愛の唄 【Fate/GrandOrder 天草四郎】
第7章 愛の唄 Ⅵ
「酷いものでしょう? 何だかんだと理屈を並べていますが、私も多くの人をこの手で殺してきた。生前も。死してからも。」
彼は自嘲気味に、そう口にした。
……今ならば、分かる。彼は、本当に、優しいのだ。誰も傷ついてほしくないし、誰のことだって慈しみたいのだ。でも、人間が、人間こそが、彼を幾度となく裏切り続けた。
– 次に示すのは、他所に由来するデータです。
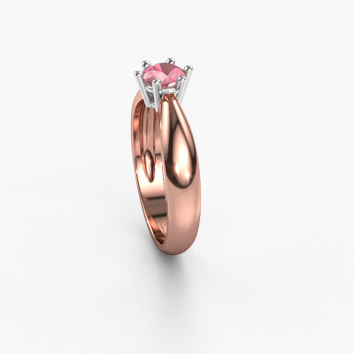 The ring shown above is called the Fay, we call this a solitaire ring because it contains a single gemstone. The engagement ring is made in 14 Carat rose gold and has a round tourmaline pink of 5 mm. This traditional rose gold solitaire ring with exquisite round tourmaline pink is a beautiful engagement ring. The open prong setting allows light to strike the gemstone from various angles. The ring also stands out because of the high positioning of the gemstone. Because diamonds symbolize true love and purity, they make the perfect gift for the love of your life. The symbol of eternal love is the centerpiece of this solitaire ring. Like a diamond, all other types of precious metal have their own attributed symbolic meaning. You can compile the solitaire engagement ring yourself in various precious metal combinations. This one has the combination of 14 Carat rose gold with white gold. Each piece of jewelry is made just for you by our master goldsmiths in our own studio.By using a combination of the latest modern techniques, combined with ancient crafting, we can make all our engagement rings in our own studio. Each jewel is made to order. This is advantageous because we can offer you a price you won't find anywhere else.Have you found a specific engagement ring somewhere which you would like to give to your loved one? Please feel free to express your wishes to our jewel designers because we would be honoured to turn your design into a traditional engagement ring. You can follow the development of your ring design because we use 3D drawings. This gives you a realistic preview of how your design will look. You can also preorder a dummy. A dummy is a plastic ring, which can be shaped according your ring design. You can try it on and check if its width and size are suitable for you. We will gladly send you a non-binding offer, based on a fair price/ quality ratio. It will amaze you, considering the quality of the ring and gemstones.To make it easier for you, we offer a 30 day return policy. Check our terms and conditions.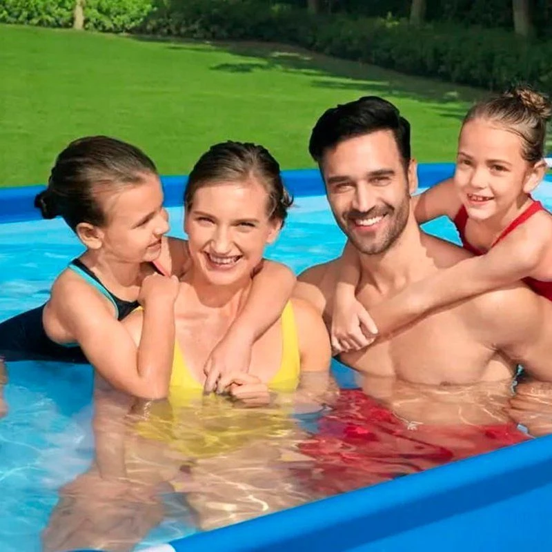 Бассейн прямоугольной формы "Bestway Steel Pro Frame Pool 56411" размером 300 х 201 х 66 см принесет радость и удовольствие в жаркие летние дни вам и вашей семье. Бассейн с металическим каркасом, который собирается быстро и без применения каких-либо дополнительных инструментов. Металлический каркас состоит из соединительных уголков, трубок-перемычек и стоек. Все детали окрашены и устойчивы к истираниям и ржавчине. Защитные соединители предотвращают повреждения от контакта металла с металлом, вызывающего ржавчину. Прочный лайнер бассейна изготовлен из износостойкого материала DuraPlus – сверхпрочного трехслойного армированного материала для повышения прочности и проколостойкости. DuraPlus на 15% более устойчив к разрыву, на 33% более устойчив к растяжению и на 83% более устойчив к проколам, чем стандартный ПВХ, что гарантирует, что ваш бассейн будет служить вам лето за летом. Бассейн снизу оборудован сливным клапаном. Слить воду можно в любое удобное для Вас место. Характеристики: Длина: 300 см. Ширина: 201 см. Высота: 66 см. Объём воды (при наполнении бассейна на 90%): 3300 л. Материал чаши бассейна: 3-х слойный ПВХ, армированный сеткой из полиэстера. Цвет бассейна: серый. Каркас: металлические окрашенные трубки. Фильтрующий картриджный насос производительностью 1249 л-ч. Инструкция на русском языке. Вес: 19.4 кг. Комплектация: Чаша бассейна - 1 шт; Каркас бассейна (металлические трубки) - 1 комплект; Фильтрующий картриджный насос для очистки воды 58381, производительностью: 1249 л-ч - 1 шт; Сменный картридж "I - 58093" (установлен в насосе) - 1 шт; Гофрированные шланги 32 мм для подключения системы - 2 шт; Хомуты для фиксации шлангов - 4 шт; Входной и выпусной соединители для подключения оборудования - 1 комплект; Сливной клапан (установлен в бассейне) - 1 шт; Переходник для сливного клапана - 1 шт; Ремонтный комплект - 1 шт.

「もう、俺は止まれない。止まってなるものか。例えこの魂が朽ち果てようとも。」
そう。きっと、彼が止まるということは、今まで彼が払ってきた犠牲も全て、無駄にするということだ。彼を信じて付いていった、彼が背負った3万7千もの命を、全て。その重みで、天草は潰れかけている。いや、もう既に幾らかは潰れてしまっているのかもしれない。しかし、そんなのは天草自身が許さない。
きっと、彼の心には、もう何も、誰も、入り込む余地など無いのだろう。或いは、彼自身の気持ちさえ、もう彼の心には入り込む隙も無いのかもしれない。あぁ、でも。
私は、天草へと抱き付いた。それはもはや、しがみつくように。背中に回す腕に、力を籠める。
「……!」
天草は何も言わないが、多分驚いている。
私だって、何も言わない。というか、何を言えばいいかも、分からなかった。ただ、こうしたいと、思ったのだ。
―――――ただ、この目の前にいる存在を、愛おしいと思ったのだ。
でも、私の平凡な人生を何度見返してみたって、あんなにも波乱万丈だった天草四郎に言えそうな言葉なんて、何も見当たらない。だから、せめて私はこの腕に力を籠める。
「――――――っ、ぅうう……。」
私が泣いてどうするんだ。天草四郎の人生の内のほんの少しを、ただ傍観しただけの私が泣くなんて、おかしい。
「……っ、ごめん、なさい……!」
「いえ。……ありがとうございます、マスター。」
天草はしばらくのアイア、ゆっくりと私の背中を撫でてくれた。その手が、最高に心地良いだなんて、この時間が永遠に続いてほしいだなんて、私は……。